Pour revenir à l’éruption passive et à l’attrition occlusale, de même qu’aux phénomènes de résorption/apposition osseuse, c’est la résultante de forces opposées qui conditionne le résultat. Si l’éruption et l’attrition se font au même rythme, il n’y aura pas de perte de DV. Talgrenn dans son étude longitudinale constate, en s’appuyant sur une documentation précise des cas, que la hauteur de l’étage inférieur de la face chez l’adulte change en raison du veillassent, de l’usure dentaire, de la perte des dents… La DV n’est certainement pas une valeur absolue, unique et immuable tout au long de la vie. Je tenterai d’ailleurs d’y revenir dans un post ultérieur consacré à l’aspect neuro-musculaire des modifications de DV car si l’on considère qu’en plus de la croissance cranio-faciale, une myriade de comportements peuvent influencer le développement dentaire et maxillo-facial (au rang desquels on peut citer : les fonctions orales primaires, la succion de l’enfant, le comportement lingual, la respiration buccale, les habitudes labiales, le bruxime de l’enfant…) il semble impossible qu’une DV idéale, prédestinée et a fortiori immuable puisse se mettre en place.

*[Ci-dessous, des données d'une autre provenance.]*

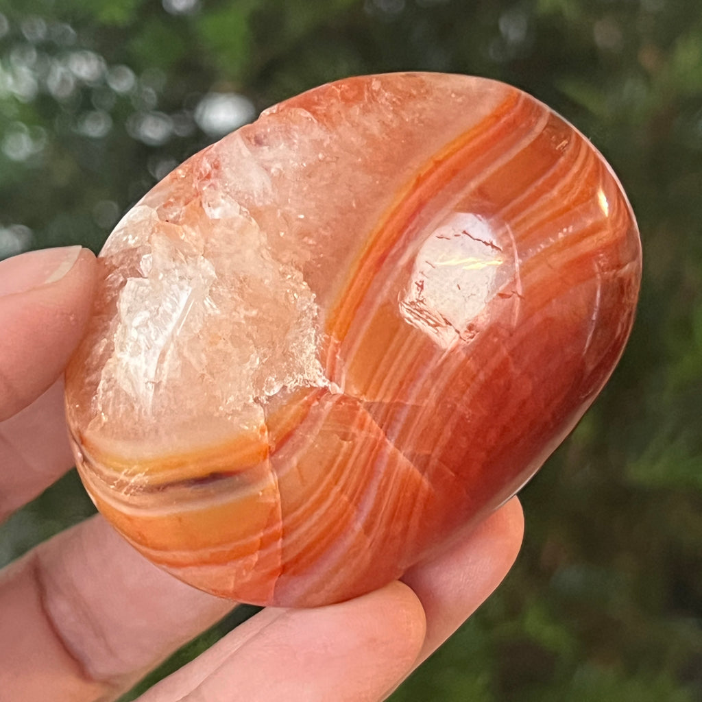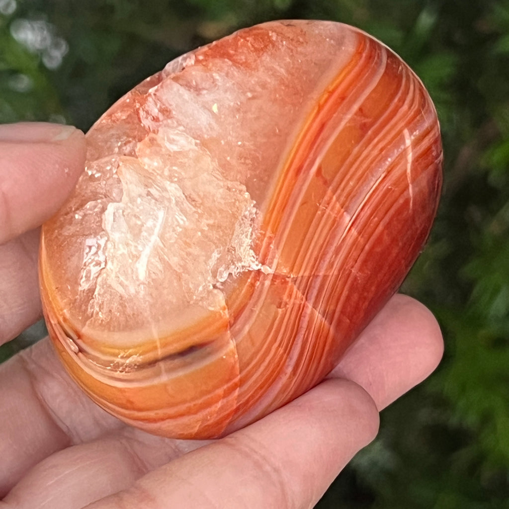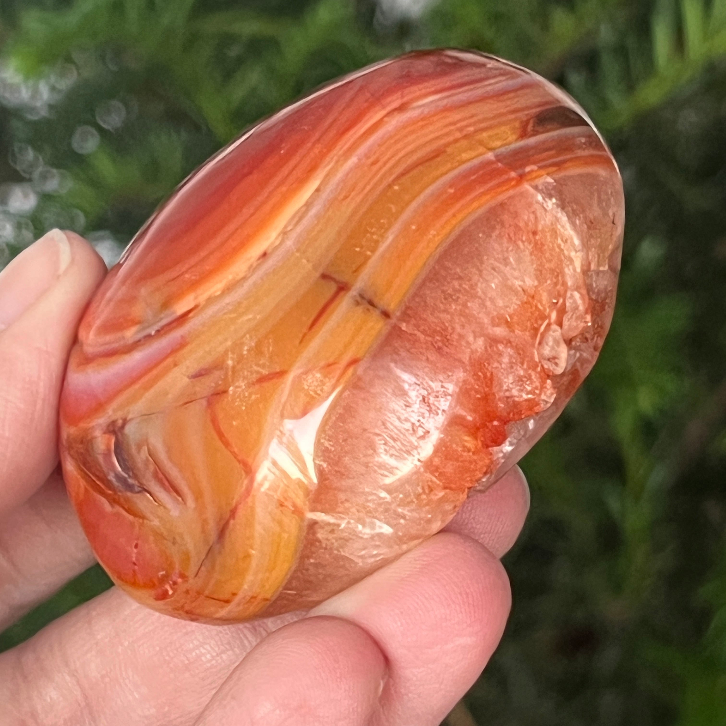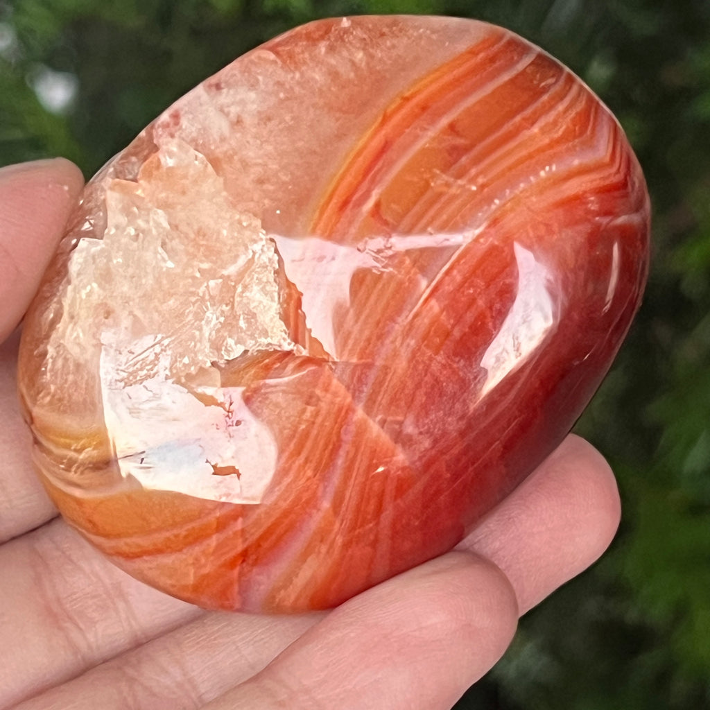 Trzymany w ręku, ten naturalny karneol palmowy staje się narzędziem pozytywnej energii i wewnętrznej przejrzystości. Można go używać w medytacji, praktykach zakotwiczania lub po prostu jako przedmiot dekoracyjny, który emanuje ciepłem, optymizmem i delikatną siłą.

C’est en réalité une chance pour nous autres praticiens lorsque nous devons rétablir les fonctions orales au moyen de prothèses. Mais attention, on ne peut pas faire n’importe quoi non plus et des règles permettent de déterminer une DV correcte qui puisse satisfaire à la fois les attentes esthétiques du patient et les objectifs fonctionnels du praticien. Le sujet d’un autre post assurément!!
Q-SPEEDO a dit:
mar 24, 2012
@JEANNINE : concernant votre dernière remarque, je considère la canine comme une dent antérieure et une dent postérieure à la fois. Elle fait pour moi partie des dents cuspidées. D’ailleurs, son nom anglais n’est-il pas aussi « cusp » justement?
jeannine a dit:
mar 26, 2012
Merci Q-SPEEDO de vos réponses et de vos propositions de posts. Je vous lirai avec attention.